Cost Savings Initiatives
We incurred cost savings initiatives expenses of $290 million in 2013 and $303 million in 2012. Our costs savings
initiatives include a multi-year $650 million restructuring program consisting of restructuring costs, implementation
costs, and Spin-Off transition costs (the “Restructuring Program”), which was approved by our Board of Directors on
October 29, 2012. We have reduced our estimate of the total Restructuring Program costs to $625 million.
Approximately one-half of these costs will be cash expenditures. We spent cash of $150 million in 2013 and $111
million in 2012 related to our Restructuring Program. We expect to complete the Restructuring Program by the end
of 2014.
Debt
On May 18, 2012, we entered into a $3.0 billion five-year senior unsecured revolving credit facility in connection
with the Spin-Off.
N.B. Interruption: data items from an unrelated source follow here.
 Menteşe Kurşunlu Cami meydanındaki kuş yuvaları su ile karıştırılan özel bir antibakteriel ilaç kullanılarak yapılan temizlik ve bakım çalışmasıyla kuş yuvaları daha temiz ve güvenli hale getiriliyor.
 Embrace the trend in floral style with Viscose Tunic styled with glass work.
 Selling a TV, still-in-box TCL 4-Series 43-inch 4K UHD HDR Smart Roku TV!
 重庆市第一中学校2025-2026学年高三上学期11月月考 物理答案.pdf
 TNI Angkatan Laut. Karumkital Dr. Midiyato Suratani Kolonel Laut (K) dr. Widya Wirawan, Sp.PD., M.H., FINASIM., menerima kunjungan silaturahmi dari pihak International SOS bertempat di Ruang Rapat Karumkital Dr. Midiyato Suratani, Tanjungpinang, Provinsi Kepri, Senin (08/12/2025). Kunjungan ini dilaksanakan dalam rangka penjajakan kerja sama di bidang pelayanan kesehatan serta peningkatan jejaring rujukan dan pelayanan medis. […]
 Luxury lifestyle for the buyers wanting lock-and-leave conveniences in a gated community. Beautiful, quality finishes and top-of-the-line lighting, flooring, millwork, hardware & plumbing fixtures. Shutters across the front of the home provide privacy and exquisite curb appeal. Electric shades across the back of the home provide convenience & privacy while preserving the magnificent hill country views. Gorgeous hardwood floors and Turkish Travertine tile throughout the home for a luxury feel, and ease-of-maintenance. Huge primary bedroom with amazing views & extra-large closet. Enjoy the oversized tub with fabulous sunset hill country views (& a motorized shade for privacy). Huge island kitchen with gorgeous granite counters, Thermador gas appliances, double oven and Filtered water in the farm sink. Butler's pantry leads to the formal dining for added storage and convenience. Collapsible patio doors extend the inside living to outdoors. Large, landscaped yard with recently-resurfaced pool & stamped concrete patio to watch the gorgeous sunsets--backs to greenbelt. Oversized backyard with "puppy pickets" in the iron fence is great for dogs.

The agreement expires on May 17, 2017. On June 4, 2012, we issued $6.0 billion of senior
unsecured notes with a weighted average interest rate of 3.938% and transferred the net proceeds of $5.9 billion to
International. On July 18, 2012, International completed a debt exchange in which $3.6 billion
of International’s debt was exchanged for our debt as part of our Spin-Off-related capitalization plan.
There were no cash proceeds from the exchange. On October 1, 2012, International also transferred
approximately $0.4 billion of International’s 7.550% senior unsecured notes to us to complete the key
elements of the capitalization plan in connection with the Spin-Off.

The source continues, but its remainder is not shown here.